Task item:
With the pictures left out, write out exactly the lines of the listing below that run from the line with "WONDER OVERSEAS Four-Piece" through the line with "民政局社會(huì)事務(w".

Dataset entries:
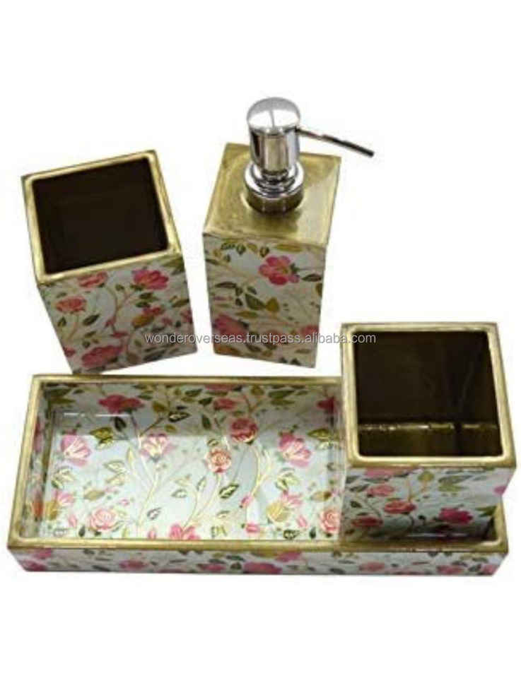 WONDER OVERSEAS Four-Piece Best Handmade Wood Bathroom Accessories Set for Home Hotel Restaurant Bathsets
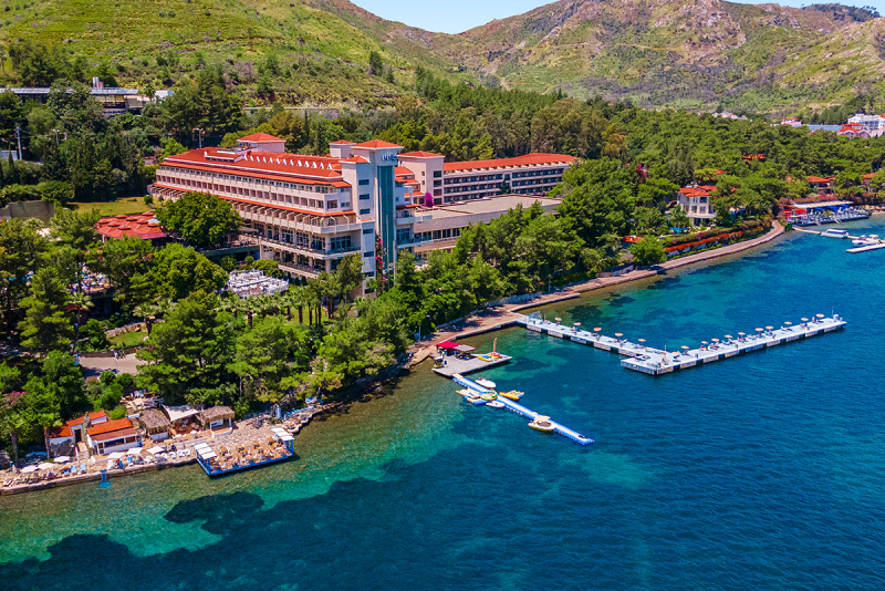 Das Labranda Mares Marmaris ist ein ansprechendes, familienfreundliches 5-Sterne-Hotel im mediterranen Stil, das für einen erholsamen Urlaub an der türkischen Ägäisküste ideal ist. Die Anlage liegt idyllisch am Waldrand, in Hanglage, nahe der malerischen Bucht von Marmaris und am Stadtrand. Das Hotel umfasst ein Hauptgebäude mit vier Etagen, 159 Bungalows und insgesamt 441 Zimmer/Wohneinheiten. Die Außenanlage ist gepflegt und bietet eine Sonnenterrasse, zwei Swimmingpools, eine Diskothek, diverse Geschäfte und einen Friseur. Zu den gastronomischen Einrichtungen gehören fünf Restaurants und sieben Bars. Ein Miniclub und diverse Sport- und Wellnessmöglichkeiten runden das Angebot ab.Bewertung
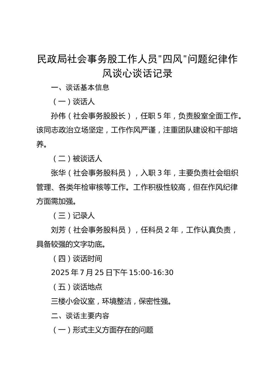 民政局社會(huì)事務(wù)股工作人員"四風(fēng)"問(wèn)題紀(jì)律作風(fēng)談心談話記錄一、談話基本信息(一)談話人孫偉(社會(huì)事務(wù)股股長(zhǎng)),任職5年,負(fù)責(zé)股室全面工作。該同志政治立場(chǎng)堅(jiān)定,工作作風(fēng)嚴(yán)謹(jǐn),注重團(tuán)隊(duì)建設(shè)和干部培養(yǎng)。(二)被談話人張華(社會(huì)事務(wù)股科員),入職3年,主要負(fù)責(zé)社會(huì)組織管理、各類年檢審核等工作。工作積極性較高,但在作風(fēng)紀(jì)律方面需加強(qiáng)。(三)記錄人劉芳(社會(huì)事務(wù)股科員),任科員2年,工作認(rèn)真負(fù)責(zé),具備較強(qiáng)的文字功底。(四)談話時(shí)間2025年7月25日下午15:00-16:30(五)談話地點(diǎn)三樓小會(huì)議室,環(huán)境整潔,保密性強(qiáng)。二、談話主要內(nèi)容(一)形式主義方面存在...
---
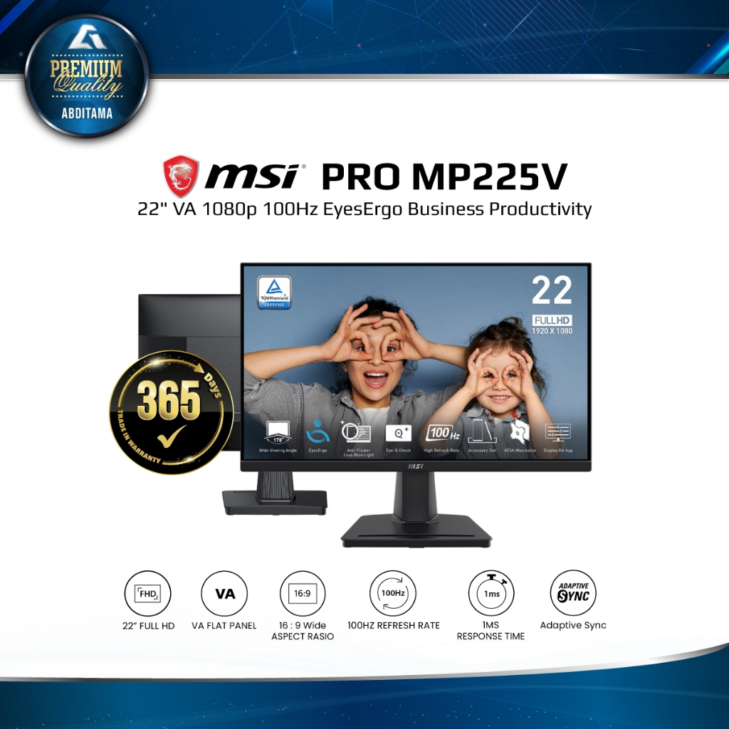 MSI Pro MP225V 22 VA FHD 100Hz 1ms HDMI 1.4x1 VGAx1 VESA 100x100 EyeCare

Response to this task:
 WONDER OVERSEAS Four-Piece Best Handmade Wood Bathroom Accessories Set for Home Hotel Restaurant Bathsets
 Das Labranda Mares Marmaris ist ein ansprechendes, familienfreundliches 5-Sterne-Hotel im mediterranen Stil, das für einen erholsamen Urlaub an der türkischen Ägäisküste ideal ist. Die Anlage liegt idyllisch am Waldrand, in Hanglage, nahe der malerischen Bucht von Marmaris und am Stadtrand. Das Hotel umfasst ein Hauptgebäude mit vier Etagen, 159 Bungalows und insgesamt 441 Zimmer/Wohneinheiten. Die Außenanlage ist gepflegt und bietet eine Sonnenterrasse, zwei Swimmingpools, eine Diskothek, diverse Geschäfte und einen Friseur. Zu den gastronomischen Einrichtungen gehören fünf Restaurants und sieben Bars. Ein Miniclub und diverse Sport- und Wellnessmöglichkeiten runden das Angebot ab.Bewertung
 民政局社會(huì)事務(wù)股工作人員"四風(fēng)"問(wèn)題紀(jì)律作風(fēng)談心談話記錄一、談話基本信息(一)談話人孫偉(社會(huì)事務(wù)股股長(zhǎng)),任職5年,負(fù)責(zé)股室全面工作。該同志政治立場(chǎng)堅(jiān)定,工作作風(fēng)嚴(yán)謹(jǐn),注重團(tuán)隊(duì)建設(shè)和干部培養(yǎng)。(二)被談話人張華(社會(huì)事務(wù)股科員),入職3年,主要負(fù)責(zé)社會(huì)組織管理、各類年檢審核等工作。工作積極性較高,但在作風(fēng)紀(jì)律方面需加強(qiáng)。(三)記錄人劉芳(社會(huì)事務(wù)股科員),任科員2年,工作認(rèn)真負(fù)責(zé),具備較強(qiáng)的文字功底。(四)談話時(shí)間2025年7月25日下午15:00-16:30(五)談話地點(diǎn)三樓小會(huì)議室,環(huán)境整潔,保密性強(qiáng)。二、談話主要內(nèi)容(一)形式主義方面存在...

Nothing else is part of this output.